She couldn't see her food. I was one of several people who would direct her fork to various portions of her meal. I did not do it often, because it seemed it embarrassed her.
Just after my elderly friend went to live there, just under six months ago,Marie was one of the first residents of the nursing home I met. I had spied the baby grand piano and made a feeble effort to play one of the few pieces for which I still had "finger memory", the "Arogonnaise" by Jules Massenet. I only got a few musical lines in before that lingering memory stopped abruptly. I got up and I said to Marie who came up in her wheel chair that I no longer really could play. She, who apparently had some musical training, seemed to think that I was quite good. I liked her for the encouragement. I thought of her as one of the "strong" ones, not so much of body, but of mind.
There are three groups at the nursing home. There are those whose bodies and minds have fully crumbled from old age. They cannot leave their chairs but also, whether it be Alzeimher's or other forms of dementia, they cannot speak at all or speak only the occasional word salad. They have truly made the circle back to baby hood. They are pure emotion, with the occasional spark of the persons they once were. There are those who are able to walk but whose memory loss has become significant enough that they could no longer live alone and take care of their day to day affairs and personal needs. They speak. They understand things and can respond to instruction or convey their wishes, but the forgetfulness does not allow them the independence of old. But they have not lost their selves, their essence. And then there is the third group, who but for their failed bodies, seem ageless, even if well over 90. They are still engaged in everything around them and like to read, or watch television or take day trips, or visit their families. When I met her, Marie was closer to this last category. I sensed she was wending her way to forgetfulness, but she sat with her confreres at dinner and communicated and though her vision was failing her, she'd eat without assistance and heartily. She talked with Neal, a non-resident of 93 whose wife died in the home over a year ago, but who continues to take dinner with his wife's comrades, and Imogen, a resident, at the extreme end of the table. And she negotiated around the room easily with her chair.

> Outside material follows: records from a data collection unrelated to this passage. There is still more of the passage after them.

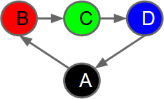 Here is an example Markov Chain representing a cycle of 4 states (A,B,C,D). Each state has a colour. The colour of the current state is observable. This graph shows that Red comes after Black. Green comes after Red. Blue follows Green, and Black follows Blue:Markov chains are normally drawn as graphs, with states being represented as vertices (aka nodes, typically presented as circles or ellipses). Changes in system state are represented by transitions between vertices in the graph. Edges in the graph represent potential changes, usually annotated with transition probabilities; there may be more than one possible future state from the current state. When represented as a Markov chain, the history of a system is always a sequence of visited states without forks or joins.
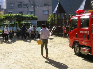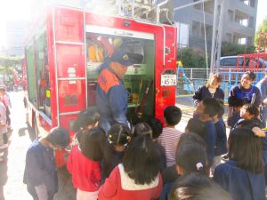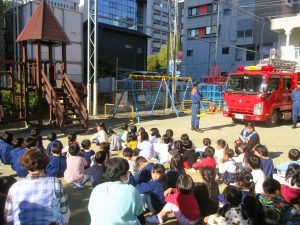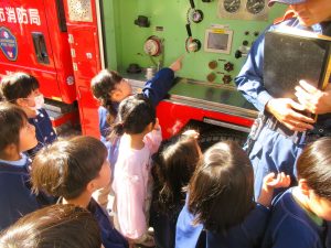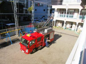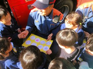 共研幼稚園に消防車がやってきました・・・。
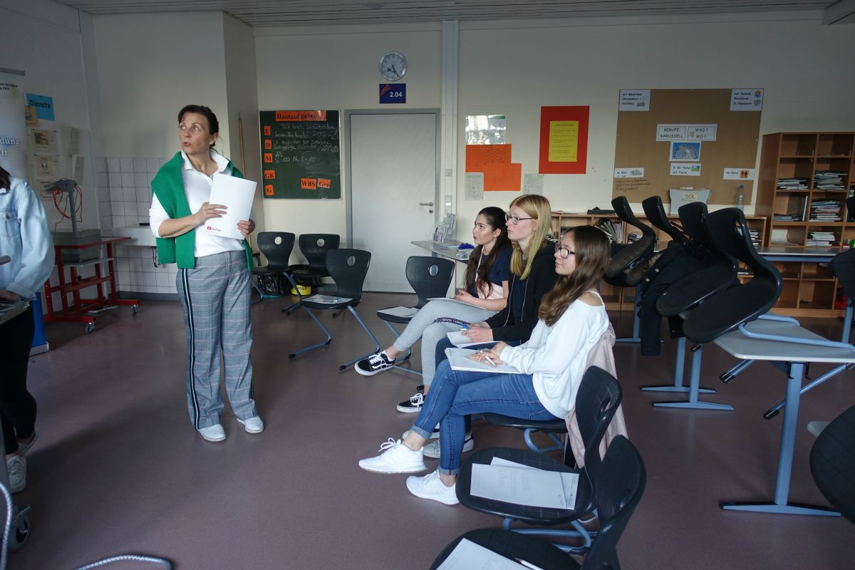 Des Weiteren informierte Beate Jacobsen, Leiterin der Projektgruppe „Übergang Schule-Beruf“ im Bildungsbüro des Landkreises Ludwigsburg, alle Schülerinnen und Schüler der 8. Klassenstufe über die Nutzungsmöglichkeiten der Internetplattform „Wegweiser Beruf“, die eine wertvolle Unterstützung bei der Berufsfindung darstellt.

And then about two months ago, something happened. We used to exchange easy hellos, though I know she was a little deaf and I'd have to say hello twice. She had a sparkle in her eye, and even a bit of a smile. And then I noticed she had no idea who I was, the person who visits her friend nearly every day. And she was asking about going home, as if she did not realize that she was already home. She was suddenly discombobulated. She was restless. She couldn't manage to eat without some help.
And then there were evening meals that she did not leave her room. I found out that one of her children was a volunteer musician at the home, and she had other siblings. One would come every morning and every evening to be with Marie. Others lived elsewhere in the country, but they became in the last month or two, regular visitors. I sensed a family rift by the timing of visits and the body language when they were visiting at the same time.
"Hyppa" laws being what they are, the staff could never be quizzed about the health of a resident. So, information came via other residents and the occasional vague update from a family member. I never found out what were the particulars, but only that apparently Marie was now at the hospice stage. How surprising that was to me. She seemed so solid when I had first engaged her, but perhaps that was only an illusion. And of course the reality is that I had not seen her before, when she was the busy mother of six kids and a beloved grandmother. A conversation with one son made it clear that there was not agreement over the way the last days were to be handled. Or were being handled. A bitterness was rising among the siblings, something Marie would probably have not liked.
The nuns who nurse and administer hovered around.
I heard nothing for days, and then, this past Monday, the volunteering guitar playing daughter said to those gathered in he activity room, "This is the last song I played for my mother." Last song?
"Did your mother die?" "Yes", said her daughter, "she died Friday morning."
"I'm so sorry" I said beginning to tear up. Her daughter insisted it was a good thing. She was ready.
I hardly knew Marie and yet, I had to be at her funeral yesterday, at Holy Cross, just down the hill from the home. There were several staff and another friend of mine who met Marie as I had. I learned that Marie and I shared the same birthday, albeit hers was 31 years before mine. She had been a junior high teacher as well as playing the guitar. She had lived in New York, my home town, among other places. And she probably hadn't been in as good shape as I thought when I met her. She had had a major stroke. She had lived with one of the children until, as happens, it became too much to assist with her needs.
The priest, obviously a long time friend of the family, and in the "know" about the divisions illness and death can cause in a family, reminded them that their mom was in heaven and saw everything now. Nothing was hidden from her. And she would want them to love one another, and to forgive. I had the sense that this was a pointed effort at mediating some hard feelings that inevitably afflict relationships among the children of the dead parent. I admit it, at such moments, I am glad I was an only child.
There was no pamphlet or photo board. I would have liked to have seen these things to have more of a sense of a woman I encountered for only a few months, and find myself mourning.
She is with God. I believe that. And I am so glad our lives touched every so fleetingly.